Dank 20'000 Pfund Preisgeld zahlen sich die drei Erfolge in der Qualifikation in Sheffield aber auch finanziell für Ursenbacher aus. Und die Chancen sind intakt, dass das Abenteuer eine Fortsetzung findet. «Alexanders Vorteile sind, dass er eingespielt ist und dass das Crucible nicht wie gewohnt mit Zuschauern gefüllt sein wird», sagte Stähli. Wegen der Coronavirus-Pandemie greifen die 16 Gesetzten in Sheffield ohne Spielpraxis ins Geschehen ein.
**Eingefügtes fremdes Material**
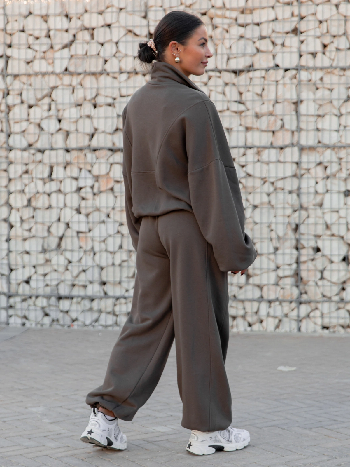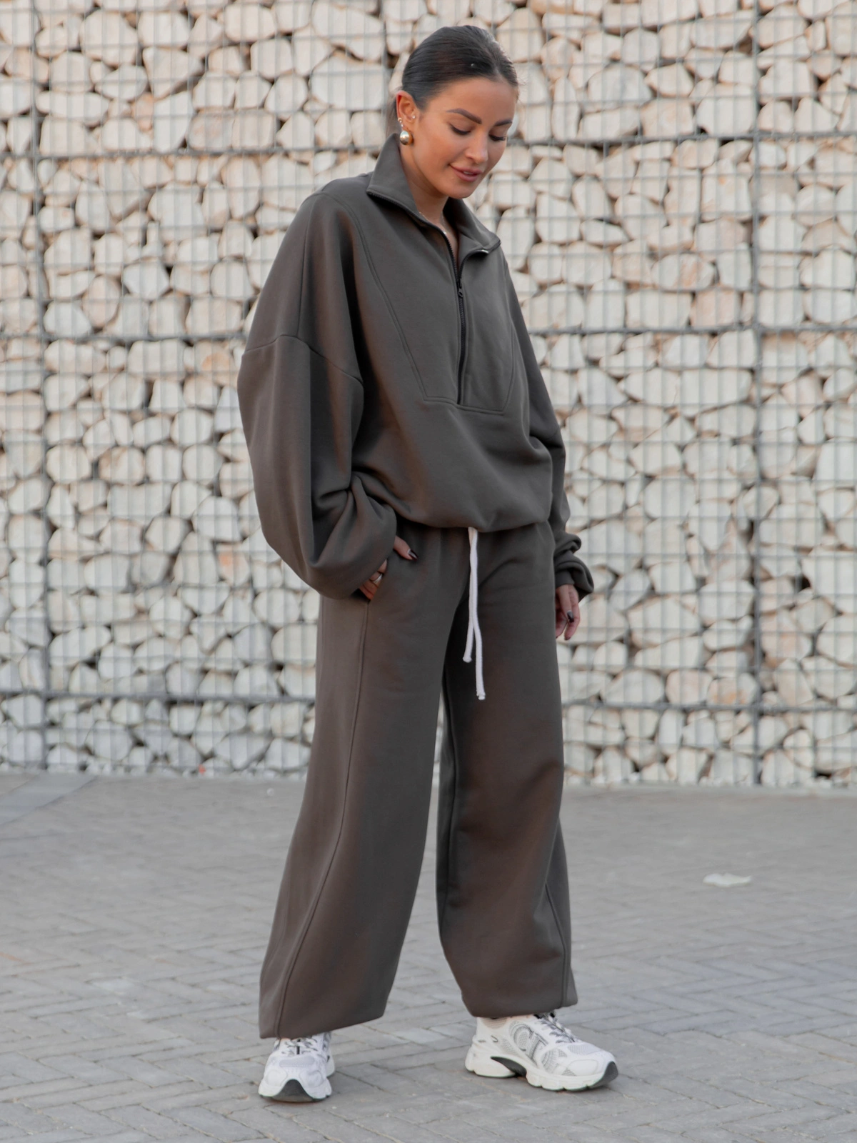 ZESTAW DRESOWY: Oversizowa BLUZA z dresu drapanego na stójce z zamkiem X477 + Oversizowe SPODNIE dresu drapanego z przeszyciem i ściągaczami X476

Der Präsident von Swiss Snooker traut Ursenbacher sogar den ganz grossen Coup zu. «Allerdings müsste schon alles perfekt zusammenpassen», so Stähli. Erfahrung und Routine sind im Snooker enorm wichtig – und in Sheffield im Kampf um den WM-Titel aufgrund der besonderen Umstände womöglich entscheidend. Erst zwei Qualifikanten schafften es dort, am Ende auch den Titel zu gewinnen: Der Waliser Terry Griffiths 1979 und der Engländer Shaun Murphy 2005.
Eröffnet wird die WM, die ursprünglich Ende April hätte beginnen sollen, am Freitag, wenn der englische Titelverteidiger Judd Trump gegen Tom Ford antritt. Erstmals seit dem Lockdown sind in Grossbritannien an einem Indoor-Event wieder eine beschränkte Anzahl Zuschauer zugelassen, was von einzelnen Spielern stark kritisiert wurde.